Distributed Schedulers and Control Planes: Recovery, Rollback, and Repair Controllers

LESSON

Distributed Schedulers and Control Planes

018 35 min advanced

Distributed Schedulers and Control Planes: Recovery, Rollback, and Repair Controllers

The core idea: Recovery restores useful service, rollback changes the authoritative intent, and repair reconciles leftover side effects; a control plane that treats them as one action creates duplicate work and hides damage.

Core Insight

Imagine risk-api loses capacity in eu-central, so the control plane tries to recover in eu-west. The scheduler binds replacement replicas, a rollout controller waits for readiness, and an autoscaler sees that traffic is still under-served.
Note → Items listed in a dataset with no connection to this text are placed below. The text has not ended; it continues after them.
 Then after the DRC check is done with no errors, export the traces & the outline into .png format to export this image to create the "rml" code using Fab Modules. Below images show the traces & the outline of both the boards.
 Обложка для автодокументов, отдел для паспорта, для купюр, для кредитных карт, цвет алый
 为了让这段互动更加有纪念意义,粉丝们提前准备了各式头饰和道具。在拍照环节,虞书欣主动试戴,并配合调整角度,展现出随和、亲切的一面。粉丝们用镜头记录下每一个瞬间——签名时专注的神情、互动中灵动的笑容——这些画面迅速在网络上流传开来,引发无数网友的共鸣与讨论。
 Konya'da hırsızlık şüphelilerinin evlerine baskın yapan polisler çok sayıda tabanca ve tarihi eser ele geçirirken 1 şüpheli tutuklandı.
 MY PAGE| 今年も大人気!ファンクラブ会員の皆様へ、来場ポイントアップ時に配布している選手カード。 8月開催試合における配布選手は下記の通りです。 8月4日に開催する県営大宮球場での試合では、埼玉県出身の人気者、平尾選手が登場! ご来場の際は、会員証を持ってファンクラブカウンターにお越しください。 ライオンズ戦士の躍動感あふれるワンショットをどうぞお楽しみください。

Then the team discovers that scheduler-policy-v5 is placing replicas onto nodes that look cheap but start too slowly for the recovery objective.
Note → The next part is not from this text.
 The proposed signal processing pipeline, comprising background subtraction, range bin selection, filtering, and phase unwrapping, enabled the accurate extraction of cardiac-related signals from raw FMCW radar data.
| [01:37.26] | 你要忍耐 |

The obvious request is "roll it back." That sounds like one operation, but the control plane has several different jobs. It must recover enough serving capacity for users. It must move the scheduler or rollout policy back to a known-good revision. It must also repair the partial state already created by the bad attempt: reservations, bindings, finalizers, stale conditions, and workloads that are neither healthy nor clearly dead.

The non-obvious lesson is that rollback is not the opposite of recovery. A rollback changes the desired control decision. It does not automatically undo every side effect that previous controllers already committed. Repair controllers are the loops that make those side effects converge back to a safe shape. Without that separation, the system may restore an old policy while leaving new damage behind, or it may clean up aggressively and remove the capacity that recovery still needs.

Three Different Responses

Recovery, rollback, and repair often run during the same incident, but they answer different questions.

Response Question Typical owner Main risk
Recovery How do we regain useful service? rollout, scheduler, failover, autoscaler creating unsafe duplicate work or overload
Rollback Which previous intent should become authoritative again? release, policy, API, configuration controller assuming old code implies old state
Repair What partial side effects need reconciliation? garbage collection, reservation, node, finalizer, custom repair controller deleting useful progress or missing leaked state

Recovery is about service continuity. It may create replacement replicas, move traffic, relax non-critical constraints, or allocate emergency capacity. The recovery controller should publish what it has restored and what is still degraded.

Rollback is about authority. It says that revision v4 should govern future decisions instead of revision v5, or that a previous rollout template should replace the current one. A rollback needs versioned desired state, observed generation, and a way to tell each controller which revision it has acted on.

Repair is about convergence after imperfect progress. It looks for objects that no longer match the authoritative intent: an old reservation with no owner, a workload stuck behind a finalizer, a bound replica on a node that should no longer receive work, or a condition that says progress is blocked even though the cause is gone.

The design problem is not choosing one of the three. The design problem is deciding which controller owns each part of the response and which state proves that part is complete.

Authority and State Boundaries

A rollback or repair operation is dangerous when authority is vague. If three controllers can all decide to delete a failed recovery replica, then the first successful cleanup can be followed by two stale cleanup attempts. If a scheduler changes policy but existing bindings have no revision marker, later controllers cannot distinguish "placed by the bad policy" from "placed earlier and still valid."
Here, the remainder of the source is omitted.